В советское время номенклатурная позиция открывала своему обладателю доступ к благам, недоступным большинству, в том числе домам, дачам, санаториям и резиденциям. Сегодняшняя безденежная экономика потребления для номенклатуры, называемой теперь "элитой", – прямой наследник советской. Финансируется она во многом за счет принудительных сборов с крупного бизнеса, бывшего когда-то государственным. Есть там, конечно, и обычные государственные деньги, но по сути это альтернативный, "элитный" бюджет, возможности которого недоступны большинству. Существенно и то, что – как и в советское время – "резиденции и подобные им объекты… относятся к режимным объектам, а сведения о них – государственная тайна" . Поэтому журналистам так трудно узнать, сколько все это на самом деле стоит, а связанным с чиновниками бизнесменам так легко обогащаться на этой ниве. Два с лишним десятка резиденций президента и главы правительства – это то немногое, что осталось от настоящей советской роскоши.

Остальные замки и дворцы – попытки частных людей за собственные деньги имитировать номенклатурное качество жизни. Известный пример – "дворец Миллера", построенный крупным подрядчиком "Газпрома" для высшего руководства российской газовой монополии. Как только благодаря социальным сетям и прессе эта история стала публичной, "Газпром" открестился от проекта и барочный дворец на территории в несколько футбольных полей стал просто большой дачей, принадлежащей лицу, не имеющему к "Газпрому" никакого отношения .

Рационально объяснить расходы в десятки миллионов долларов на такие проекты – особенно учитывая масштабы воровства при строительстве – крайне сложно. Это иррациональное поведение, которое экономист и социолог Торстейн Веблен 100 лет назад предложил называть демонстративным, или статусным, потреблением. Американские богачи, о которых писал Веблен, откровенно стремились эпатировать публику возможностями своих кошельков. В нашем случае статусное потребление имеет выраженный номенклатурный оттенок: расходы вызывающе велики, но хозяева стремятся их скрыть или занизить. И музеями эти дворцы вряд ли станут.

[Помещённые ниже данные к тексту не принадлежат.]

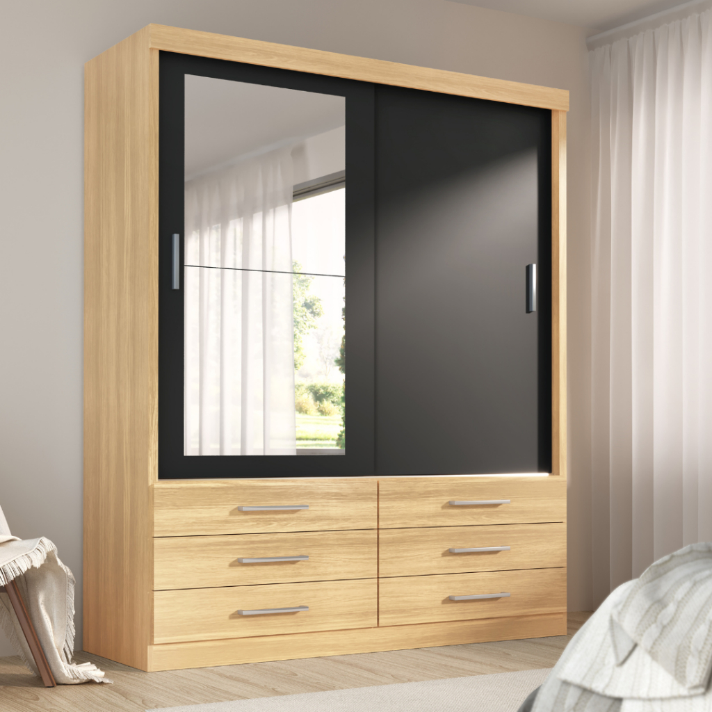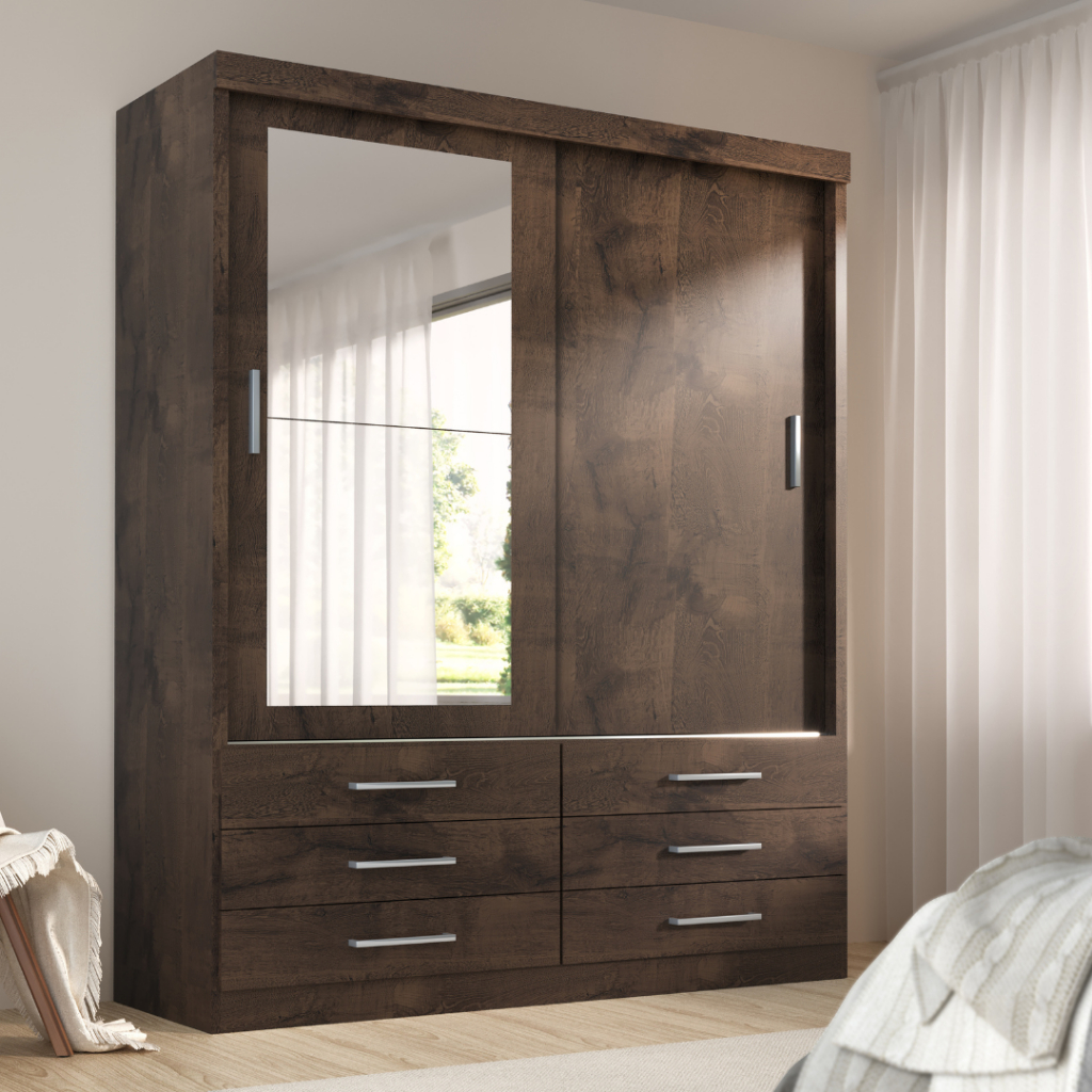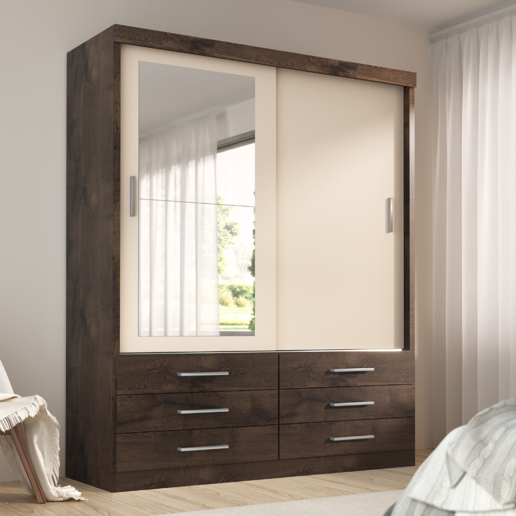 Guarda Roupa Solteiro Capri 2 Portas 6 Gavetas Com Espelho
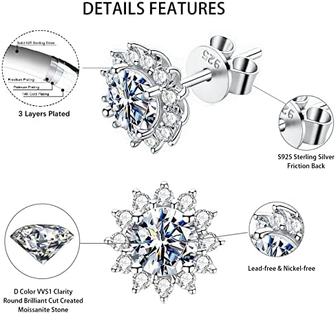 Moissanite diamond earrings,1 carat /2 carat 925 sterling silver screw back diamond stud earrings, gold and white heart-shaped diamond Moissanite jewelry gift for lady mother wife
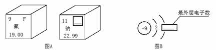 21.(5分) 图A是两种元素在元素周期表中的信息,图B是氟原子的原子结构示意图。
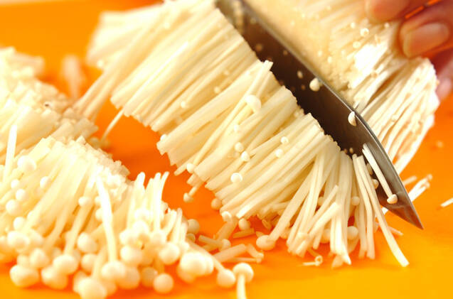 エノキは根元を切り落として長さを3等分に切り、根元は食べやすい大きさに分ける。
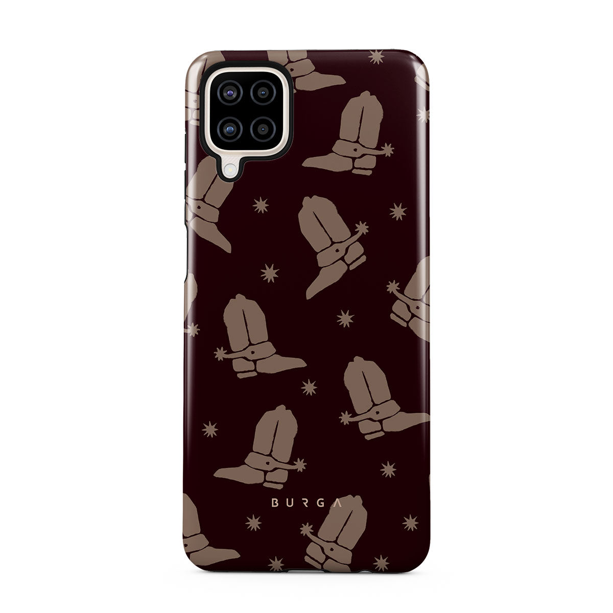 Say Howdy to this charming Samsung Galaxy A12 4G phone case design. Cowboy boots and stars dance across a deep brown background, celebrating the essence of western life. Perfect for those who embrace their free spirit.
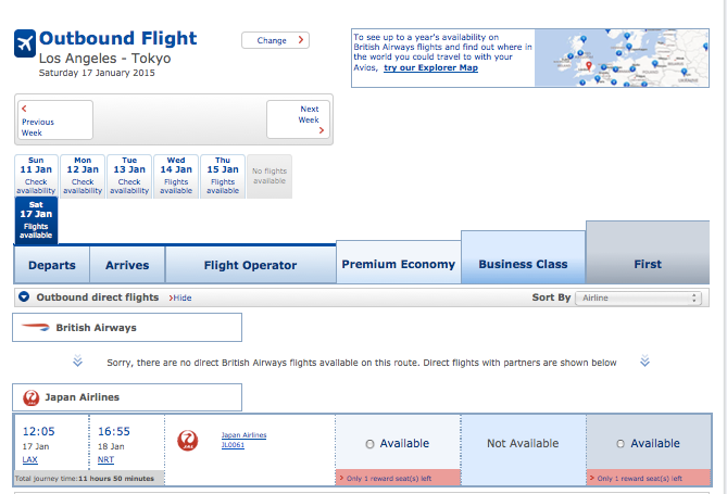 TPG recently booked his own first class award in JAL's first class using American miles. It cost him just 62,500 miles one-way. If you're booking a round-trip award, try BritishAirways.com or Qantas.com.au to search for award availability, as shown below.
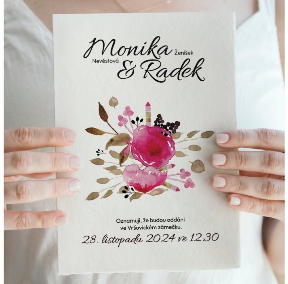 Naše svatební oznámení vám umožní stylově oznámit váš velký den. Tiskneme je na kvalitní papír s gramáží 250 g/m², který zajistí, že vaše oznámení zanechá nezapomenutelný dojem. Vybírat můžete z mnoha designů – od klasických až po moderní – a snadno je přizpůsobit svým představám. Stačí si zvolit motiv, doplnit osobní údaje, jako jsou jména a datum svatby, a o zbytek se postaráme.
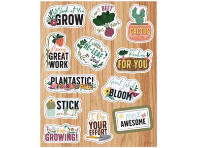 These colorful garden-themed stickers are perfect for motivating and rewarding students…and add a fun touch to notes, calendars and completed student work! The eye-catching motivational stickers help positivity bloom in the classroom with various messages of encouragement. Pack includes 6 sheets, for a total of 72 acid- and lignin-free stickers in 12 designs; largest stickers measure 3/4" x 2".
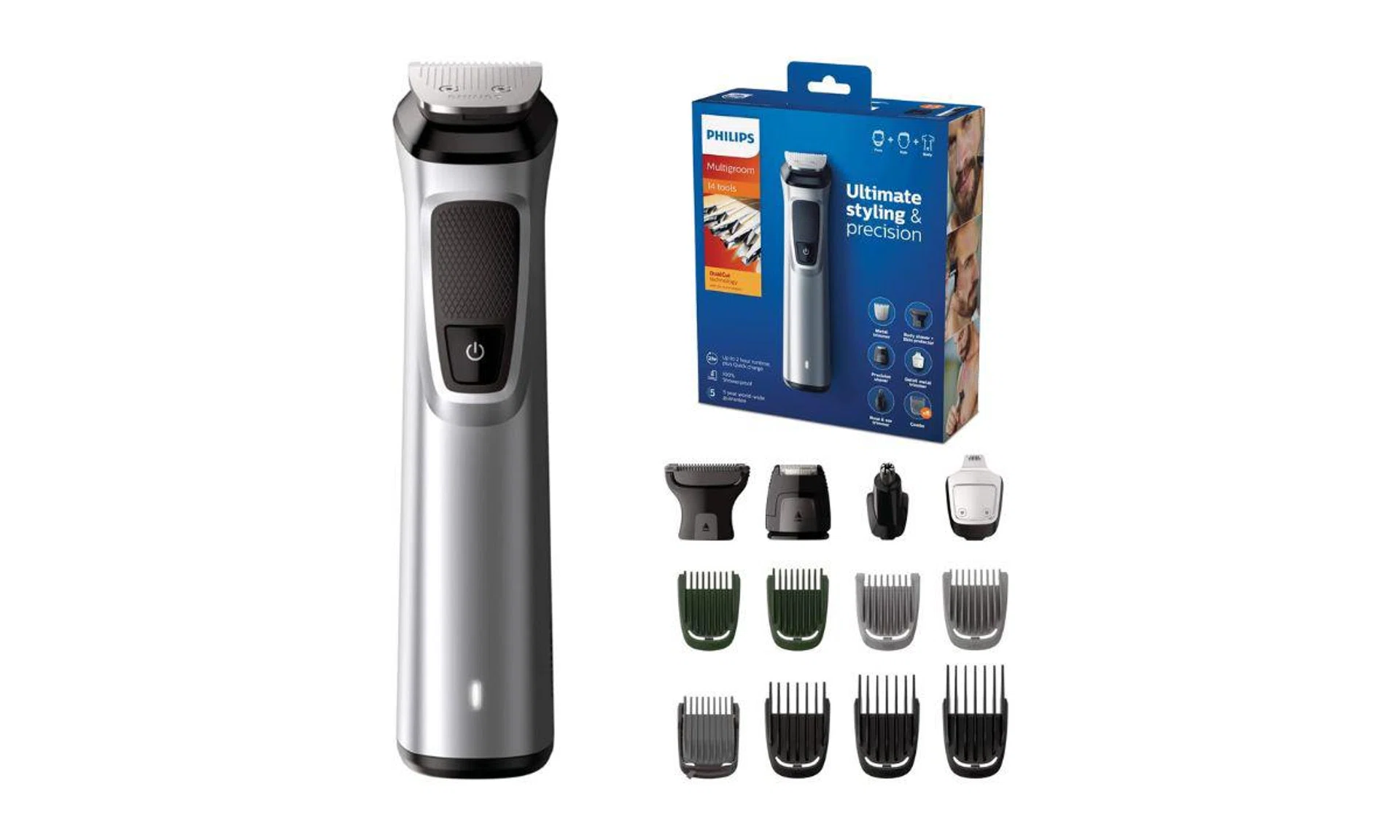 This versatile grooming tool for men comes with 13 attachments for trimming and styling hair, beards, and body hair. It has a powerful battery and is water-resistant for easy cleaning. The MG7720 also has a digital display that shows the battery level and cleaning indicator.
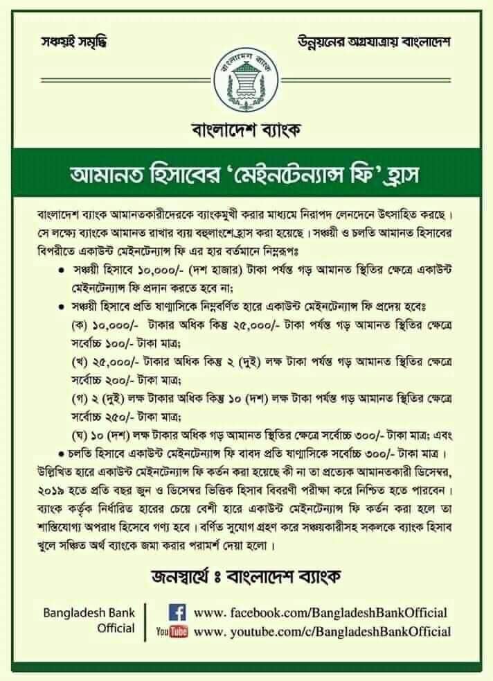 আমানত হিসাবের মেইনটেন্যান্স ফি হ্রাস সংক্রান্ত আদেশ টি সংগ্রহে রাখতে পারেন: ডাউনলোড
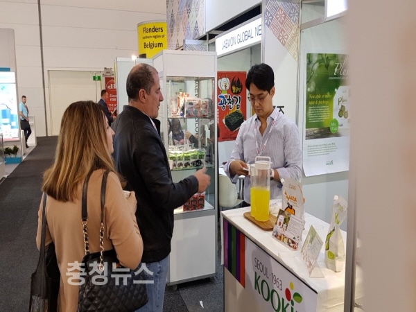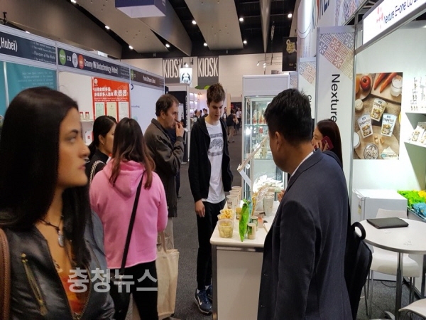 한국관은 수출업체 및 지자체 13개사가 참가하며 신선 과채류, 건강음료 및 각종 스낵 등을 중심으로 전문MC를 활용한 홍보 및 상품 시식·시음행사를 진행하고 있다.
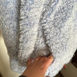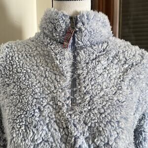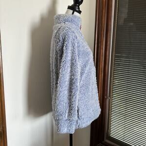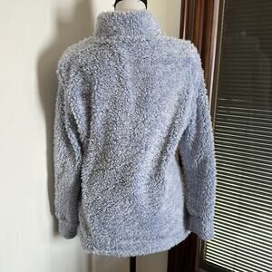 Blue/gray sherpa 1/4 zip pullover. Has 2 side pockets. In great used condition. So cozy! No flaws or damage to note.
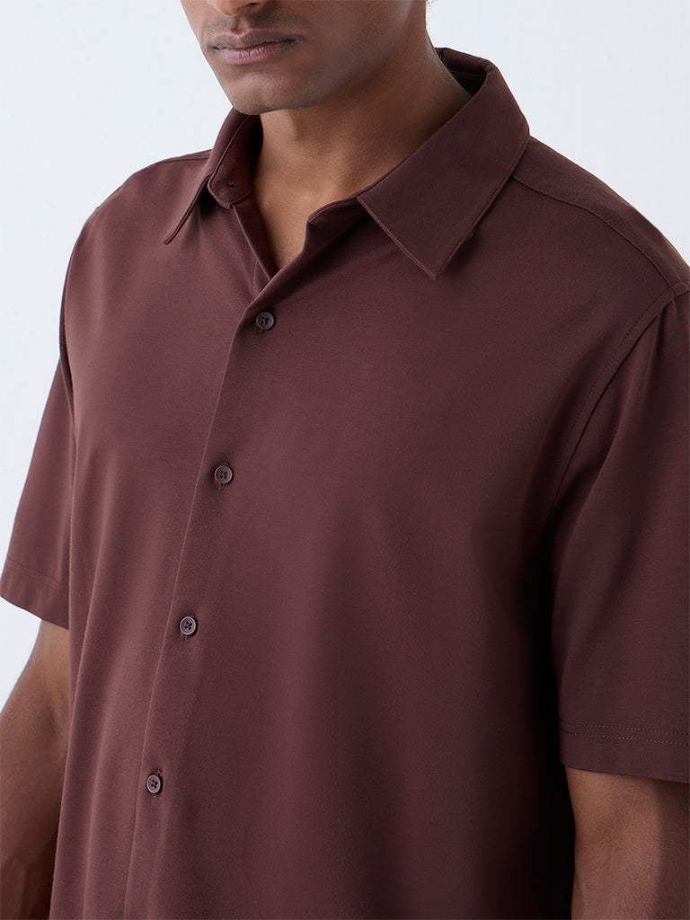 Ascot Dark Brown Solid Relaxed-Fit Shirt
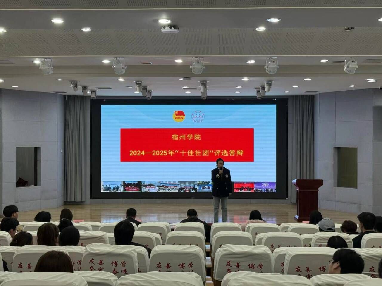 为进一步加强我校学生社团规范化建设,展现我校学子青春风采与社团文化魅力,4月1日,宿州学院在招聘大厅举行2024——2025学年度“十佳社团”评选答辩会。
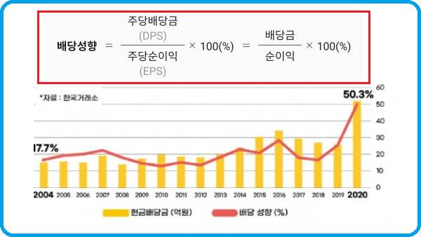 ‘배당’이란 기업이 일정기간 동안 영업활동을 해서 발생한 이익 중 일부를 주주들에게 나눠주는 분배금을 말한다. 따라서 ‘배당금’이란 주주에 대한 회사의 이익분배금이라 해석할 수 있다. 또한 ‘배당성향’이란 당기순이익 가운데 현금으로 지급되는 배당금 총액의 비율을 말한다. 만약 당기순이익이 1백억인 회사가 배당금으로 15억을 주주들에게 지급하였다면 배당성향은 15%인 셈이다.
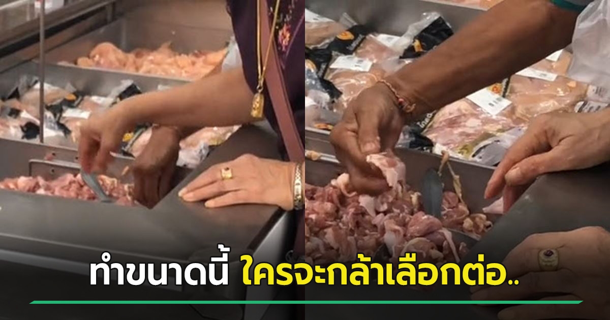 เดินซูเปอร์มาร์เกต เจอลุงกับป้ายืนช่วยกันเลือกเนื้อหมู อึ้งกับวิธีคัดสรร ทำอนามัยติดลบ
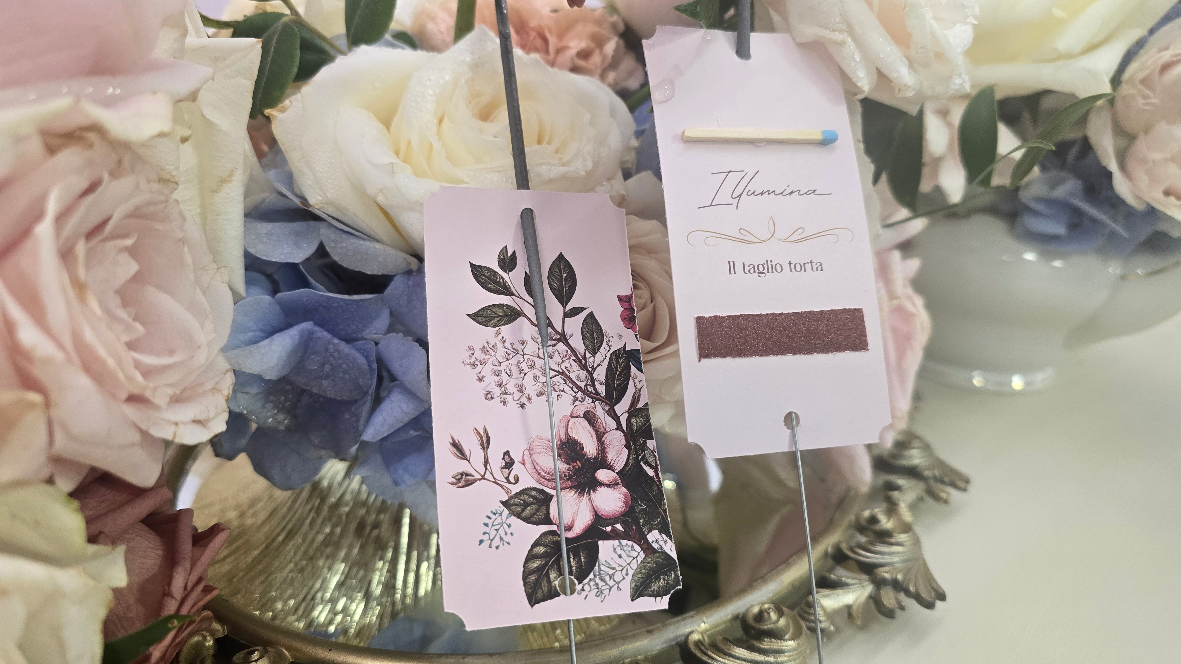 Cartoncino per scintillina da taglio torta in elegante stile Regency. Misura 5x10 cm e presenta un raffinato design floreale sul retro. La parte frontale è interamente personalizzabile con una frase a scelta, iniziali e data della vostra celebrazione. Completa la confezione la possibilità di aggiungere il pratico cartoncino di fiammifero e la strip di accensione. Un dettaglio magico e personalizzabile per rendere indimenticabile il momento del taglio della torta.
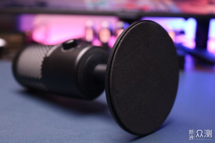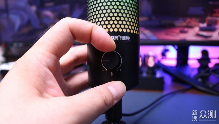 得胜的这款麦克风logo下方有一个旋转按钮,是用于麦克风音量大小的调节,标记+-,我们可以通过耳机监听模式来确定麦克风的音量,在实际体验当中,音量调大之后可以听到周围细小的声音,这样也能方便我们对于收音环境有所了解。
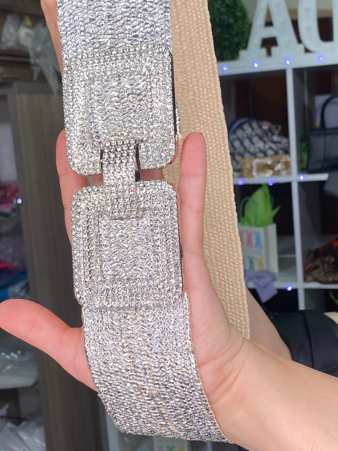 Cinto Plateado Pedreria Rafia Stretch (#156)
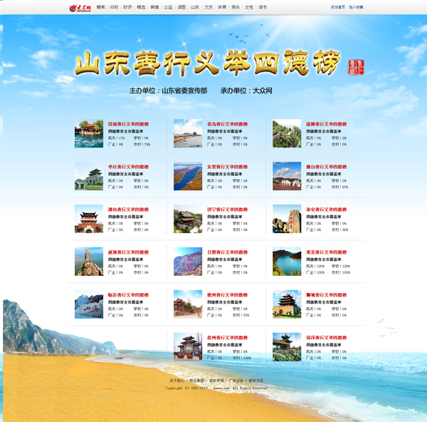 為進一步培育和踐行社會主義核心價值觀,落實中宣部和山東省委推廣善行義舉榜現場會會議精神,由山東省委宣傳部主辦、大眾網承建的“山東善行義舉四德榜”網上展示平臺日前開始試運行。
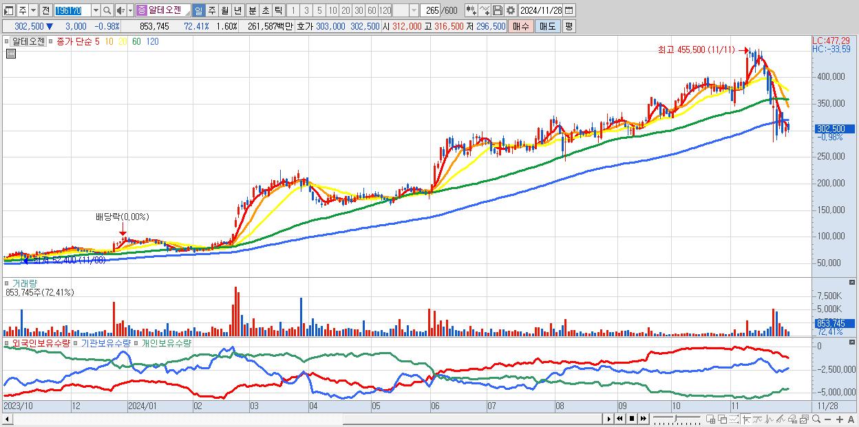 - 알테오젠 (302,500원 ▼ -0.98% , 시총: 161,289억, 거래량: 853,745, 거래대금:2,616억)

По-моему, это означает, что за первые 20 постсоветских лет общественная утопия Советского Союза прекратилась в частную. Точнее, распалась на множество частных утопий. И начался этот процесс не с распадом СССР, а гораздо раньше. Мы родом из страны, где дворцы могли быть или общественными, как метро, или номенклатурными, скрытыми от глаз. Армия, флот, вооружение, космические программы, тяжелая промышленность, здравоохранение, образование, наука, детские спортивные школы, дворцы пионеров, общественный транспорт, публичные пространства, центральные площади – все это общественные блага, и они были экономической специализацией советской страны. Поддерживалось все это на среднем и плохом уровне, но поддерживалось.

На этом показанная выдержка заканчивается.